World War II war crimes in Yugoslavia

The Novi Sad raid (Рација у јужној Бачкој; also known as the Raid in southern Bačka, the Novi Sad massacre, the Újvidék massacre, or simply The Raid; Рација) was a massacre carried out by the Royal Hungarian Army, the armed forces of the Kingdom of Hungary, during World War II, after the Hungarian occupation of Yugoslav territories and the annexation of the Kingdom of Yugoslavia. It resulted in the deaths of 3,000–4,000 civilians in Novi Sad and surrounding towns in the southern Bačka (Bácska) region.
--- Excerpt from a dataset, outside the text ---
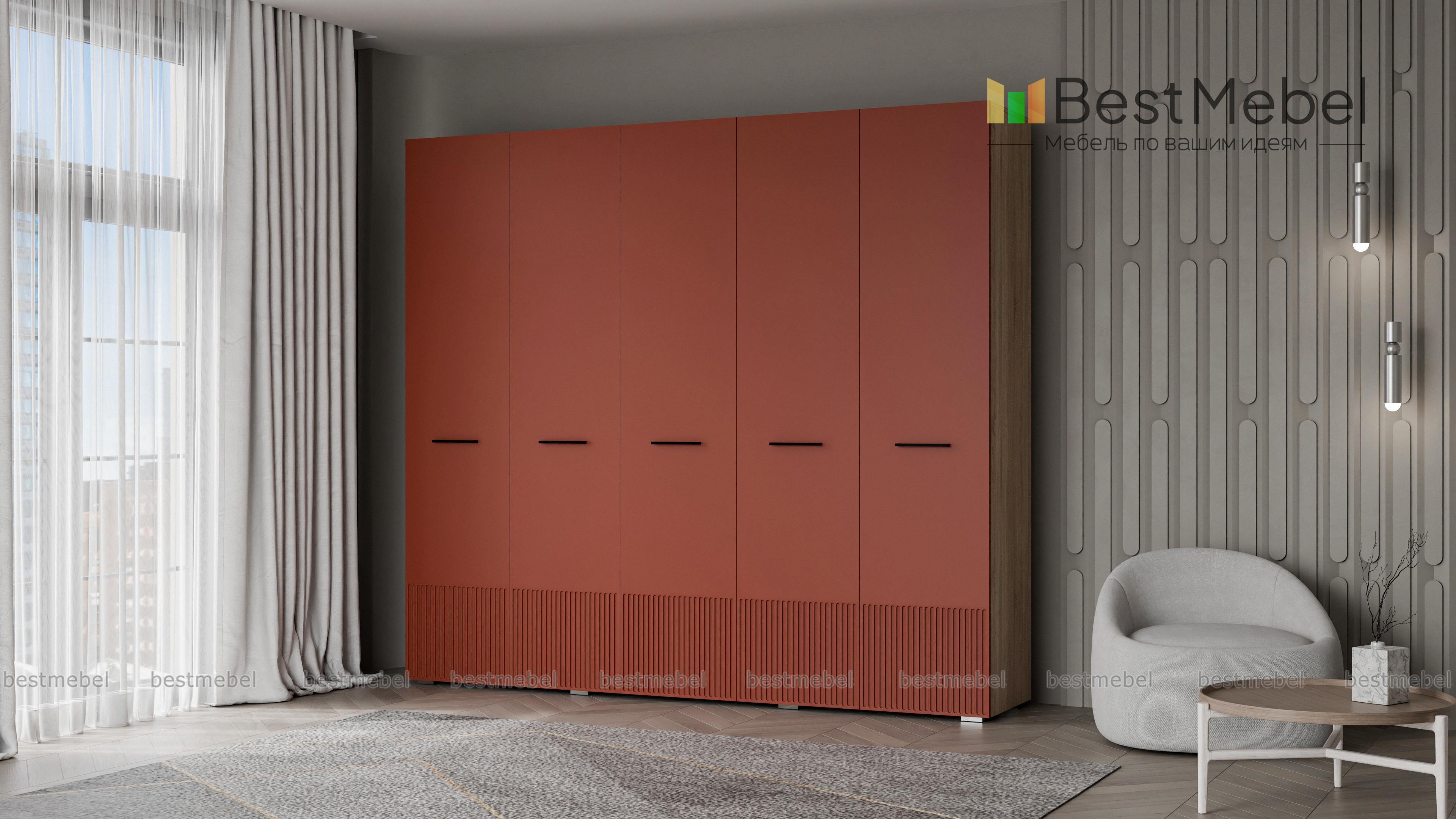 Шкаф распашной Декарт 5 BMS сочетает простую традиционную форму и актуальный дизайн. На сплошном светлом фасаде из МДФ выделяются поперечные ручки-скобы и фрезерованный рельеф, создавая визуально легкую конструкцию. Пятидверный гардероб позволяет организовать хранение с помощью пары штанг, вместительных верхних и бельевых полок. Купить шкаф распашной Декарт 5 BMS в удобном размере и любых оттенках из каталога вы сможете на сайте нашего интернет-магазина.

The Hungarian occupational authorities began raiding towns and villages in southern Bačka as early as 4 January 1942, ostensibly as a means of suppressing Partisan resistance, though the historical record shows that the government of Hungary was attempting to improve its geopolitical standing vis-à-vis Germany. The first town to be raided was Čurug, followed by Gospođinci, Titel, Temerin, Đurđevo and Žabalj. The victims were seemingly detained at random while conducting everyday activities. On 20 January, the city of Novi Sad (Újvidék) was surrounded and placed on curfew; its telephone lines were cut. Over the next several days, the occupational authorities went about arresting "suspicious" individuals. More than 1,000 of the city's residents were killed by the time the raid ended. The victims in both Novi Sad and the wider region were mostly Serbs and Jews, though several Romani, Rusyns, Russians and Hungarians were killed as well. In Novi Sad, victims were forced to march across the frozen Danube, only to perish when the ice sheet was shattered by artillery rounds fired from the shore. Some were pushed into holes in the ice sheet, causing them to drown or succumb to hypothermia, while others were shot in the street.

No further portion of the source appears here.